By John Woolfolk
San Jose Mercury News
SANTA CLARA, Calif. — A divided Santa Clara County board of supervisors on Tuesday approved plans to negotiate with a new ambulance company, despite strong objections from San Jose officials and pleas from paramedics, school and business officials to continue with longtime provider American Medical Response.
The board’s 3-2 vote allows county officials to begin negotiations with low-bidder Rural-Metro Corp. for a five-year ambulance service contract valued at some $375 million. If the board approves the final contract in December, the new company would take over service in June.
“I’ve spent a lot of sleepless nights thinking about this,” said Supervisor Don Gage, who cast the deciding vote. “I’ve come to the conclusion, and make a motion, that I think Rural Metro can do the job we’re asking for less money and provide the same level of service.”
Joining Gage were Supervisors George Shirakawa Jr. and Dave Cortese, who had signaled their intent in August to approve County Executive Jeffrey Smith’s recommendation to negotiate with Rural/Metro.
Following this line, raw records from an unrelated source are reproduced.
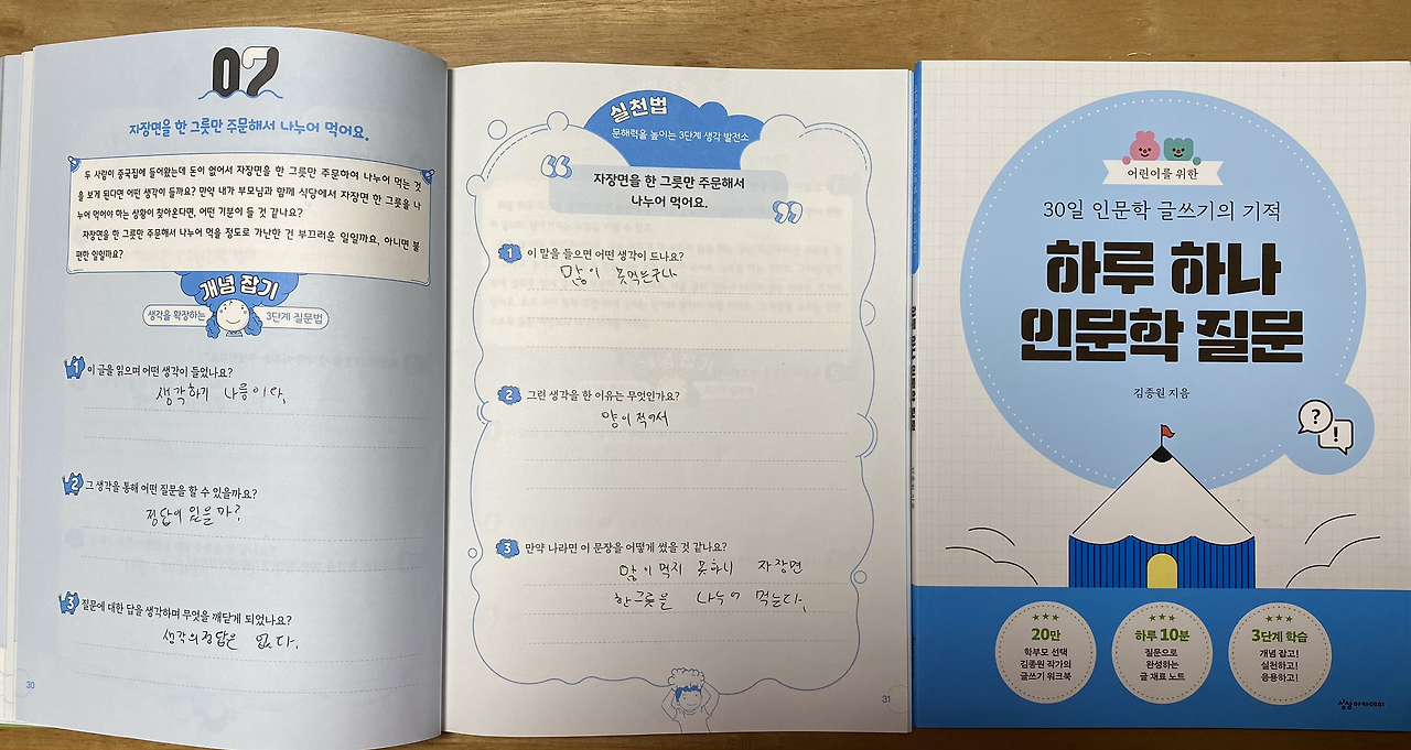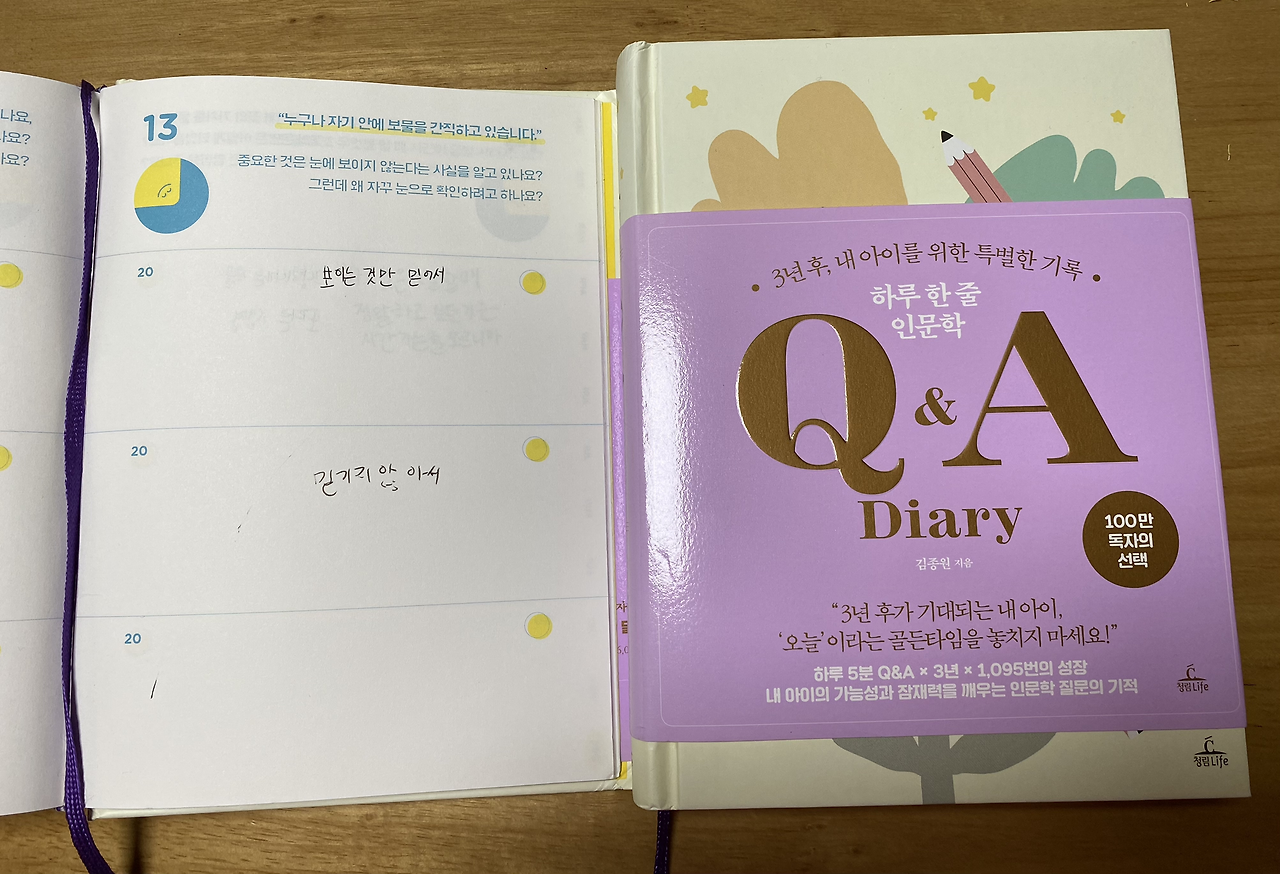 인간에게 바다는 많은 부분으로 침투해 아름답게 차지한다. 땀과 노력의 방울이 바다처럼 모이는 풍경이 결국에는 성공을 의미하는 본질이라는 것을 둘째는 찾게 된 거니까. 인문학 워크북인 ‘하루 하나 인문학 질문’ 의 글을 보며 아이의 생각을 그대로 느낄 수 있다. 펼쳐진 책 2 페이지 중 한 페이지는 예전에 쓴 글이고 또 한쪽의 질문을 보고 오늘 필사글을 쓴 걸 보자면 아이의 시선은 어쩌면 처한 한 사람의 기분을 그리 마음이 약하지 않게 해주는 깊이가 있다.
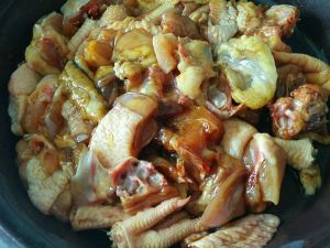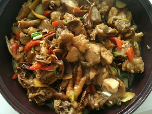 微波炉焖14分钟。将腌制好的鸡块放入塔吉锅,姜片,蒜瓣,米椒一起放在上层,放入微波炉14分钟后撒上葱段即可。
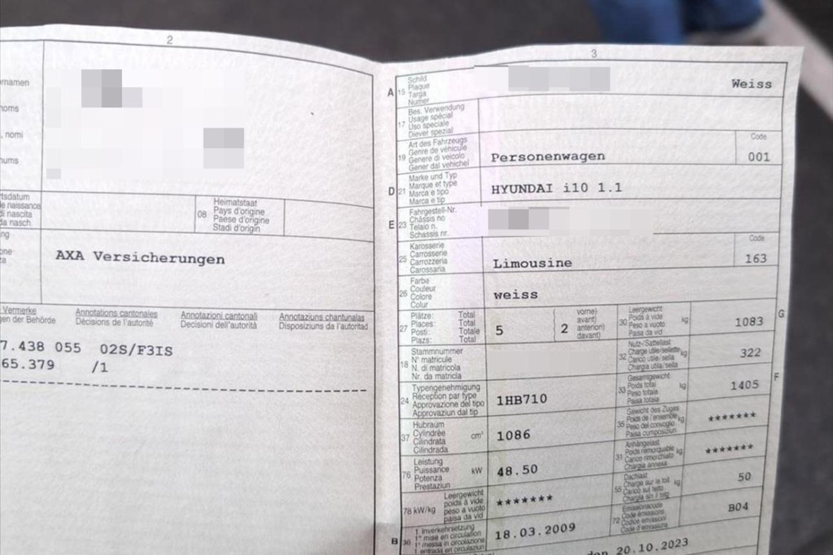 | Fahrzeugausweis | Vorhanden |
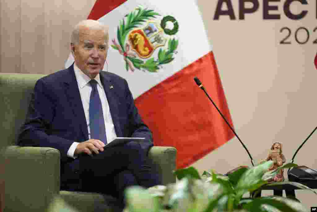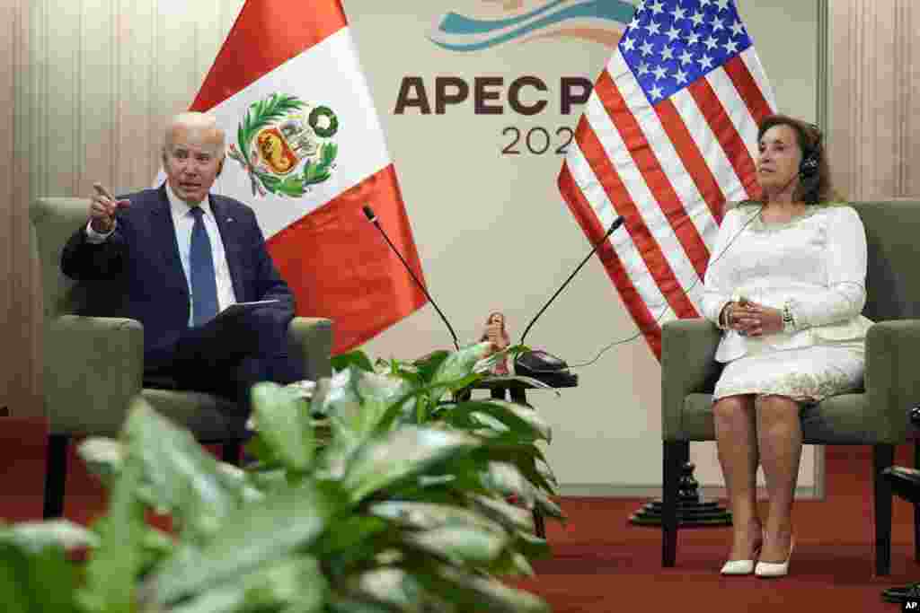 পেরু সফরকালে ১৫ নভেম্বর শুক্রবার, প্রেসিডেন্ট বাইডেন পেরুর প্রেসিডেন্ট দিনা বোলুয়ার্টের সাথে একটি দ্বিপাক্ষিক বৈঠক করেন। বৈঠকে দুটি দেশের প্রতিনিধি দল উপস্থিত ছিলেন।

Supervisors Ken Yeager and Liz Kniss suggested re-bidding the contract, citing concerns that sharp differences in the two companies’ proposals may have resulted from lack of clarity from the county.
“It does concern me that in many respects, it’s very difficult to compare these two,” Yeager said.
AMR, the largest private U.S. ambulance service and a subsidiary of Colorado-based Emergency Medical Services Corp., has been the county’s ambulance provider in one form or another since the 1930s.
San Jose officials argued that cities are subsidizing the ambulance service to the tune of $6.6 million a year — with San Jose alone footing half that bill — because firefighters arrive first to the scene of emergencies. That allows the ambulance company to operate with leaner staffing at lower cost.
San Jose officials had worked with AMR to develop a bid proposal that would help the city, facing a 10th straight deficit, recoup most of its $3.3 million in unreimbursed costs for emergency response.
But Smith urged the board in August to dump AMR for Arizona-based Rural/Metro, arguing the smaller company, which provides private ambulance and fire services in 20 states, could provide better service in Santa Clara County at lower cost to patients.
Smith and county emergency medical service officials said Rural/Metro’s ambulance price averaged 12.8 percent lower than AMR’s, yet Rural/Metro also proposed to deploy more ambulances.
After city officials in August questioned whether Rural/Metro, whose market value roughly a tenth the size of AMR’s parent, could deliver the promised service, Gage joined Yeager and Kniss in delaying a decision to allow more study of the competing companies.
San Jose officials have since argued Rural/Metro is too financially unstable to trust with the ambulance contract, noting the company owes $102 million more in debt than its $288 million in assets are worth and just announced plans to sell an additional $200 million in private debt to foreign buyers.
“It would not be prudent to assign this contract to a financially strapped company,” San Jose Finance Director Scott Johnson told the board.
AMR and city officials packed the board chambers with advocates. Paramedics shared fears that they would lose their jobs, suffer pay cuts or be forced into grueling 24-hour shifts. School officials said they dreaded the loss of AMR’s educational efforts to steer students away from drugs and alcohol. San Jose Silicon Valley Chamber of Commerce President Pat Dando, a stroke survivor, worried the county would backslide on AMR-assisted efforts to improve care for stroke victims.
Phil Forgione, Rural/Metro’s western vice president, was the only speaker on behalf of the company. In response to board questions, he assured that all AMR certified paramedics would be guaranteed a Rural/Metro job at equal or greater pay and that the company would potentially agree to modify the 24-hour shifts.
Smith said additional review did not shake his confidence in Rural/Metro, calling questions about the company’s financial stability a “red herring.”
“The question before us was whether or not the two companies could perform on their contract,” Smith said. “There’s no evidence to substantiate the assertion that Rural/Metro could not perform.”